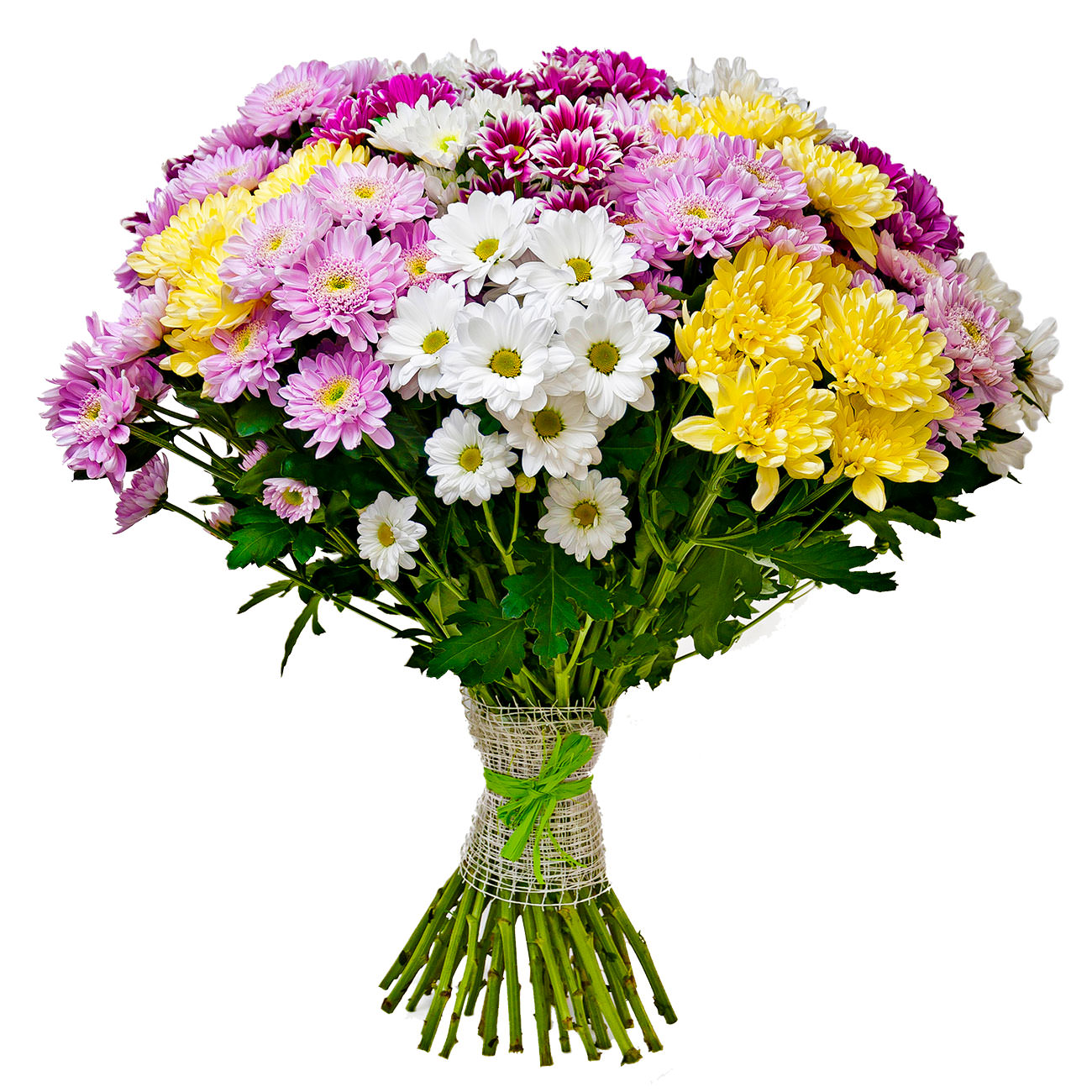 Хризантема кустовая микс 2 с доставкой по г Юрюзань: вы можете купить букет в цветочном интернет-магазине «Флормания» по цене за 300 руб.
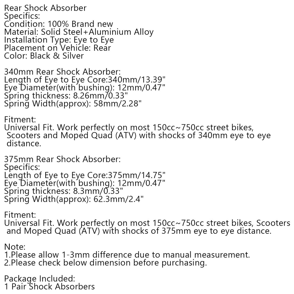 angielski Amortyzatory tylne Funkcja: 1: Zmniejszenie nierówności podczas jazdy, dzięki czemu jazda jest wygodniejsza i bardziej stabilna. 2: Wysoka jakość i bardzo trwałe. 3: brak instrukcji instalacji, łatwy w instalacji. Amortyzatory tylne 340mm: Szczegóły: Stan: 100% nowy Materiał: lita stal + stop aluminium Typ instalacji: Oko w oko Długość rdzenia oko w oko: 340 mm/13.39" Średnica oka (z tuleją): 12mm/0.47" Grubość sprężyny: 8.26mm/0.33" Szerokość sprężyny (w przybliżeniu): 58mm/2.28" Umieszczenie na pojeździe: Tył Kolor: czarny i srebrny Montaż: Uniwersalne dopasowanie. Idealnie współpracuje z większością motocykli ulicznych o pojemności 150 cm3 ~ 750 cm3, skuterów i motorowerów Quad (ATV) z amortyzatorami o odległości 340 mm oko w oko. Świetny wybór do wymiany, modernizacji stylu i wszelkiego rodzaju modyfikacji roweru. Amortyzatory tylne 375 mm: Szczegóły: Stan: 100% nowy Materiał: lita stal + stop aluminium Typ instalacji: Oko w oko Długość rdzenia oko w oko: 375mm/14.75" Średnica oka (z tuleją): 12mm/0.47" Grubość sprężyny: 8.3mm/0.33" Szerokość sprężyny (w przybliżeniu): 62.3mm/2.4" Umieszczenie na pojeździe: Tył Kolor: czarny i srebrny Montaż: Uniwersalne dopasowanie. Doskonale współpracuje z większością motocykli ulicznych, skuterów i motorowerów o pojemności 150 cm3 ~ 750 cm3 (ATV) z amortyzatorami o odległości 375 mm oko w oko. Świetny wybór do wymiany, modernizacji stylu i wszelkiego rodzaju modyfikacji roweru. Notatka: 1.Proszę pozwolić na różnicę 1-3mm ze względu na pomiary ręczne. 2Przed zakupem proszę sprawdzić poniższe wymiary. Pakiet zawiera: 1 para amortyzatorów niemiecki Amortyzator tylny Funkcja: 1: Zmniejszanie nierówności podczas jazdy, aby jazda była wygodniejsza i stabilniejsza. 2: Wysoka jakość i bardzo trwałe. 3: Brak instrukcji instalacji, łatwy w instalacji. Amortyzator tylny 340 mm: Funkcje specjalne: Stan: 100% nowy Materiał: lita stal + stop aluminium Typ instalacji: oko w oko Długość od oka do rdzenia oka: 340 mm Średnica oka (z oczodołem): 12 mm Grubość sprężyny: 8,26 mm Szerokość sprężyny (w przybliżeniu): 58 mm Umieszczenie na pojeździe: Tył Kolor: czarny i srebrny Sprzęt: Uniwersalne dopasowanie. Doskonale współpracuje z większością motocykli ulicznych, skuterów i quadów motorowerów (ATV) o pojemności od 150 cm3 do 750 cm3 z amortyzatorami o rozstawie 340 mm. Dobry wybór do wymiany, poprawy stylu i wszelkiego rodzaju modyfikacji roweru. Amortyzator tylny 375 mm: Funkcje specjalne: Stan: 100% nowy Materiał: lita stal + stop aluminium Typ instalacji: oko w oko Długość od oka do rdzenia oka: 375 mm Średnica oka (z oczodołem): 12 mm Grubość sprężyny: 8,3 mm Szerokość sprężyny (w przybliżeniu): 62,3 mm/2,4 cala Umieszczenie na pojeździe: Tył Kolor: czarny i srebrny Sprzęt: Uniwersalne dopasowanie. Doskonale współpracuje z większością motocykli ulicznych, skuterów i quadów motorowerów (ATV) o pojemności od 150 cm3 do 750 cm3 z amortyzatorami o rozstawie 375 mm. Dobry wybór do wymiany, poprawy stylu i wszelkiego rodzaju modyfikacji roweru. Uwaga: 1.Proszę pozwolić na różnicę 1-3mm ze względu na pomiary ręczne. 2Przed zakupem proszę sprawdzić pomiar poniżej. Zawartość dostawy: 1 para amortyzatorów
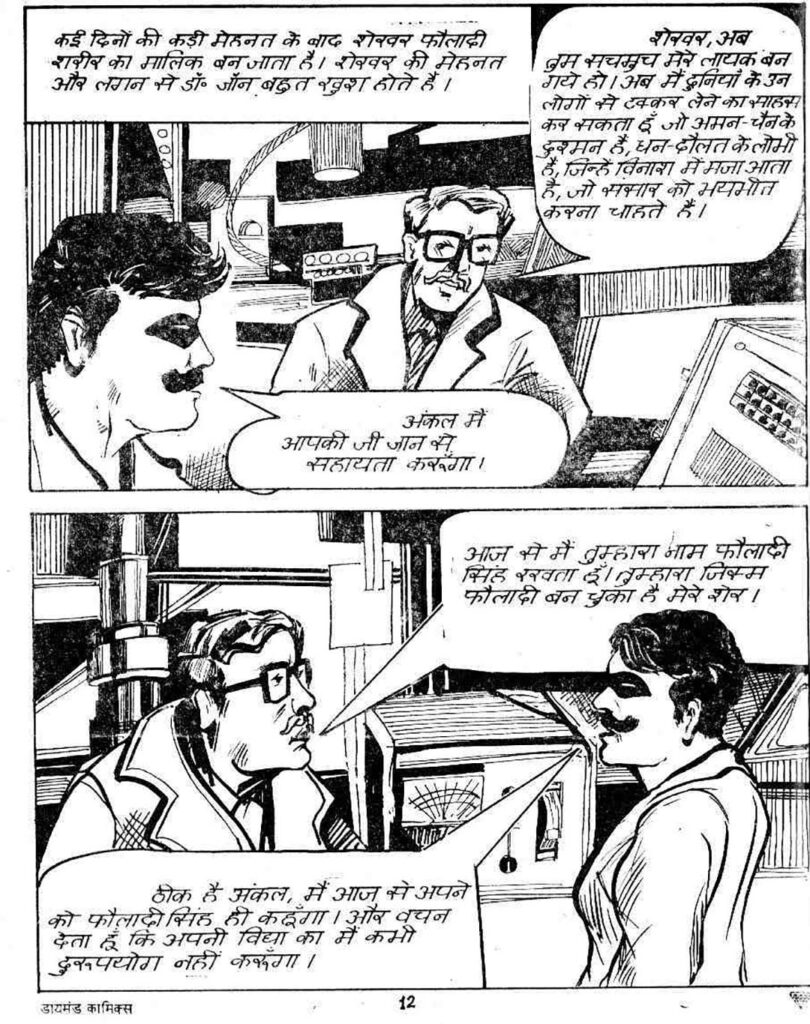 This is when the story introduces Dr. John Ka, who is a good and humanity-believing scientist. He works for peace and the well-being of humanity. Dr. John starts giving special training to a young man named Shekhar. Shekhar goes through rigorous physical and mental exercises. He is made adept in arts like judo-karate, horse riding, and shooting. Finally, Dr. John names him ‘Fouladi Singh’ and gives him many modern scientific instruments, which make him a true superhero.
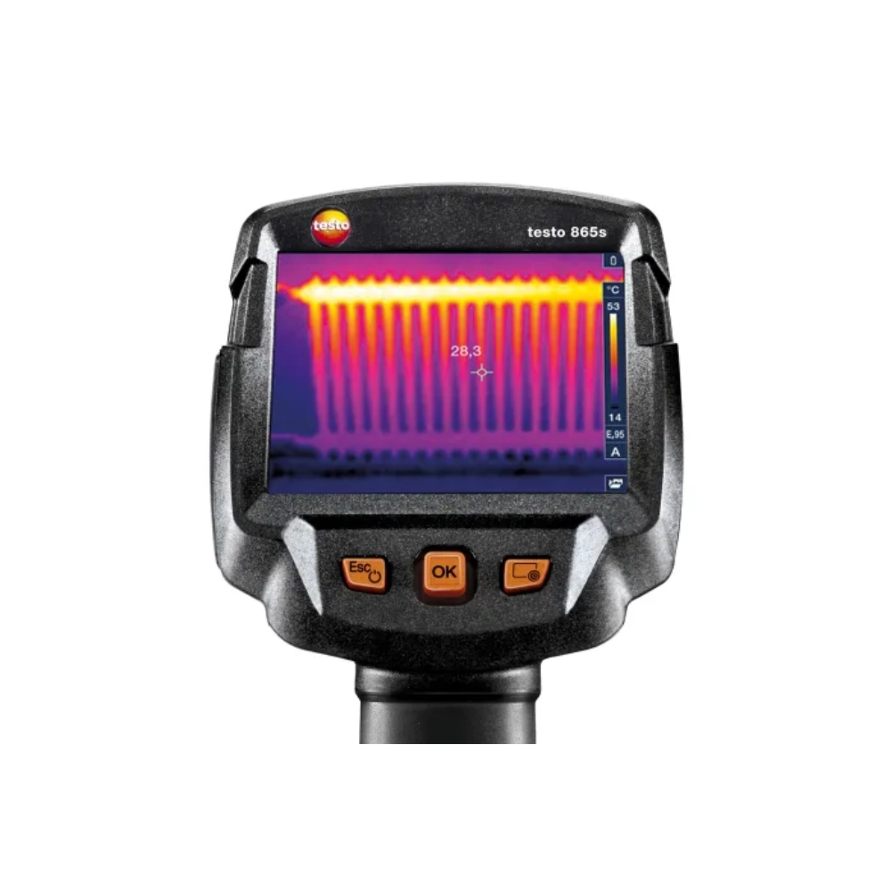 Camera de termoviziune testo 865s oferă imagini IR de înaltă calitate și operare intuitivă, fiind optimizată pentru diagnostic rapid în instalații, mentenanță și termografia clădirilor. Funcțiile ScaleAssist și IFOV-Warner asigură măsurări corecte, iar SuperResolution crește detaliul la 320×240 px.
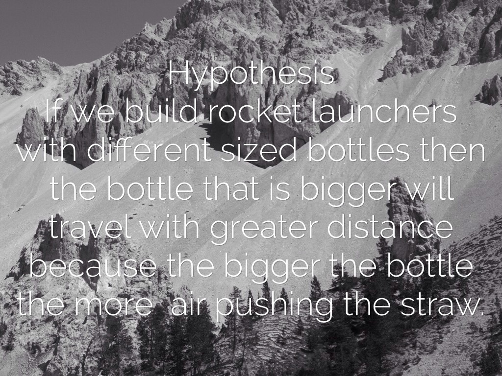Hypothesis If we build rocket launchers with different sized bottles then the bottle that is bigger will travel with greater distance because the bigger the bottle the more air pushing the straw.
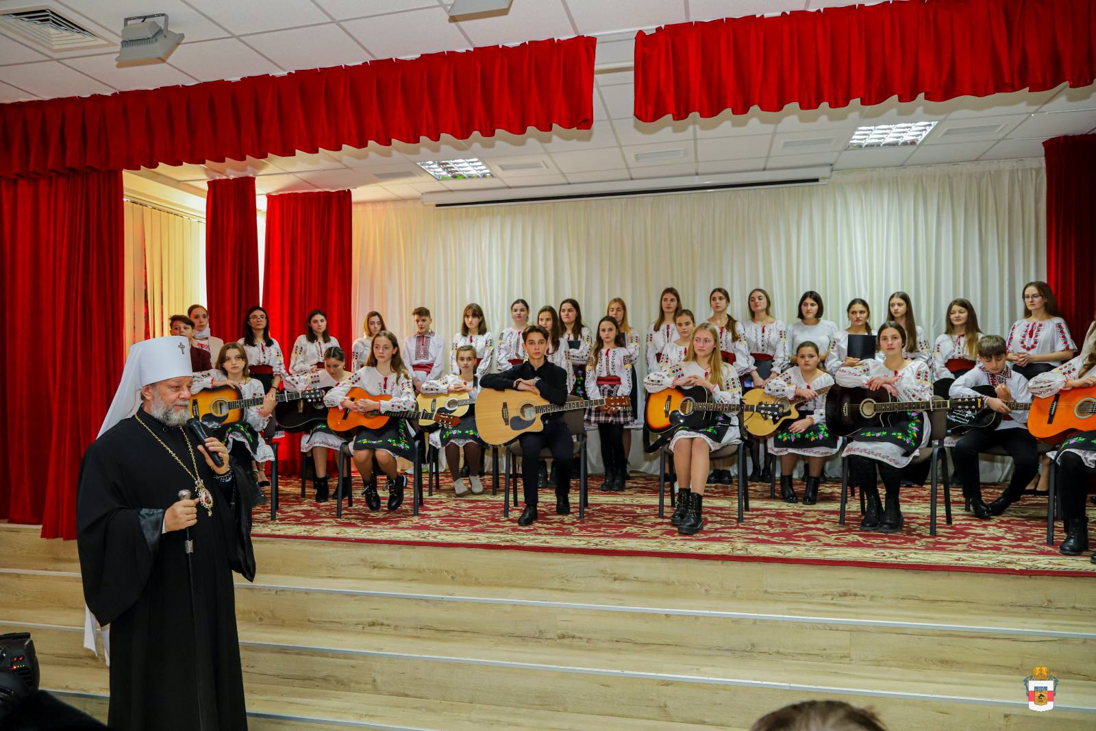 Хор лицеистов представил Его Высокопреосвященству небольшой музыкальный концерт. Архипастырь сердечно поблагодарил школьников за прекрасное выступление и вручил каждому из присутствующих молитвословы и книги религиозной тематики.
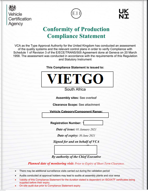 Hình ảnh giấy chứng nhận sản phẩm phù hợp quy chuẩn của công ty vị khách hàng
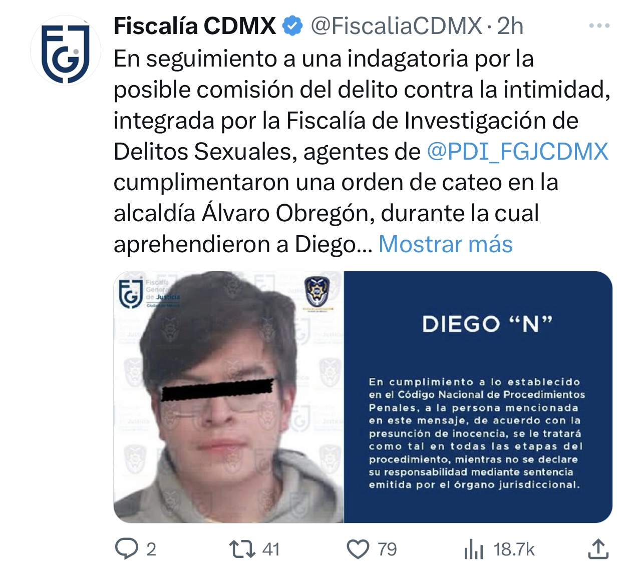 “La fiscalía informó de la detención de Diego “N”, relacionado con diversas carpetas de investigación por editar, con inteligencia artificial, fotos de sus compañeras”, escribió Batres Guadarrama.
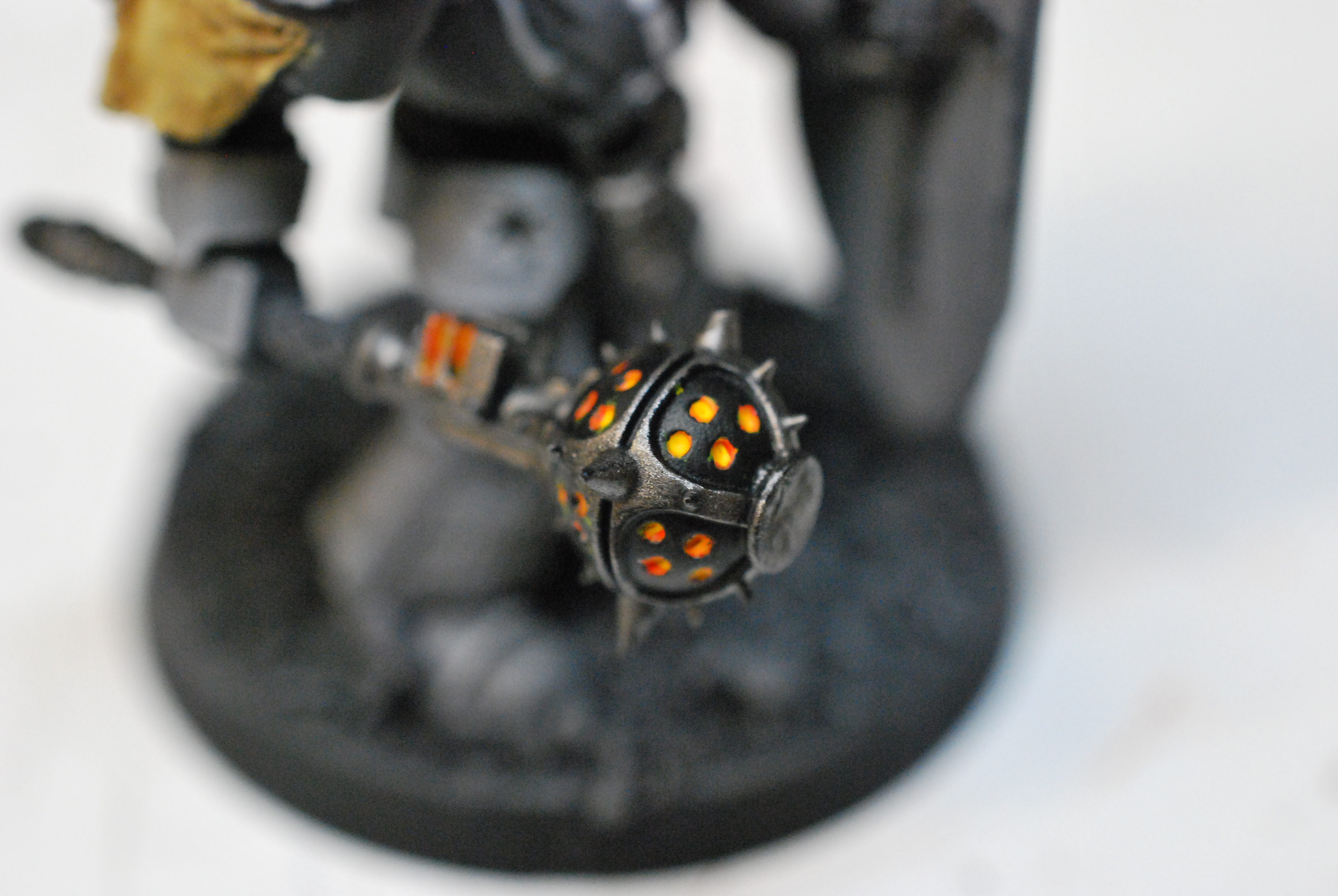 I've finished my second terminator. Turns out, making keys small enough to fit in a fist emblem is difficult, so the key has one tooth instead of two. I also designed the mace look like a furnace is glowing on the inside.
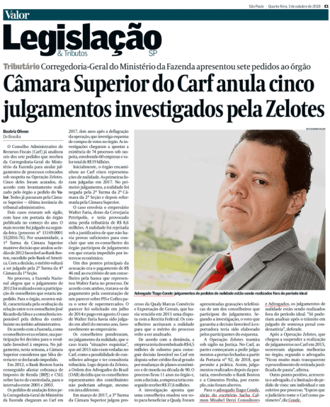 Em reportagem no caderno Legislação & Tributos, do Valor Econômico, o sócio do SCMD Tiago Conde comentou a anulação, pelo Carf, de julgamentos colocados sob suspeita na Operação Zelotes.
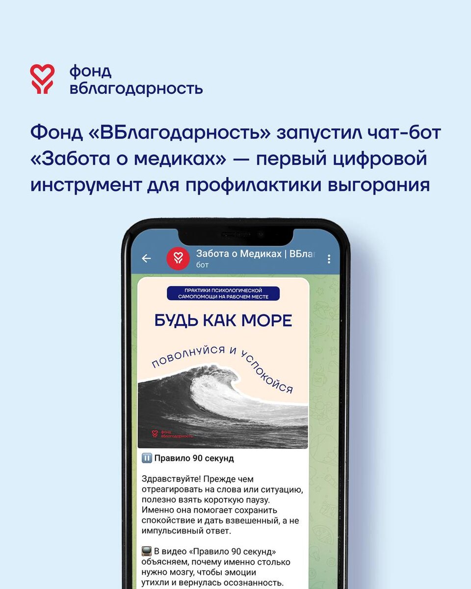 Фонд «ВБлагодарность» запустил чат-бот «Забота о медиках» — первый цифровой инструмент для профилактики выгорания среди медработников
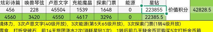 开服套装大玩家终于八折复刻了...算了算抽满一套需要73抽,抽完剩余7抽。(相当于66抽一套)比普通典藏95抽开抽,抽完剩余5抽(相当于90抽一套)...省了不少耶~

■ ■ ■ ■

» **What you have to do**
Set the pictures aside and transcribe exactly the stretch of lines above, beginning with the one holding "This is when" and ending with the one holding "escribió Batres Guadarrama.".

» **Task result**
 This is when the story introduces Dr. John Ka, who is a good and humanity-believing scientist. He works for peace and the well-being of humanity. Dr. John starts giving special training to a young man named Shekhar. Shekhar goes through rigorous physical and mental exercises. He is made adept in arts like judo-karate, horse riding, and shooting. Finally, Dr. John names him ‘Fouladi Singh’ and gives him many modern scientific instruments, which make him a true superhero.
 Camera de termoviziune testo 865s oferă imagini IR de înaltă calitate și operare intuitivă, fiind optimizată pentru diagnostic rapid în instalații, mentenanță și termografia clădirilor. Funcțiile ScaleAssist și IFOV-Warner asigură măsurări corecte, iar SuperResolution crește detaliul la 320×240 px.
Hypothesis If we build rocket launchers with different sized bottles then the bottle that is bigger will travel with greater distance because the bigger the bottle the more air pushing the straw.
 Хор лицеистов представил Его Высокопреосвященству небольшой музыкальный концерт. Архипастырь сердечно поблагодарил школьников за прекрасное выступление и вручил каждому из присутствующих молитвословы и книги религиозной тематики.
 Hình ảnh giấy chứng nhận sản phẩm phù hợp quy chuẩn của công ty vị khách hàng
 “La fiscalía informó de la detención de Diego “N”, relacionado con diversas carpetas de investigación por editar, con inteligencia artificial, fotos de sus compañeras”, escribió Batres Guadarrama.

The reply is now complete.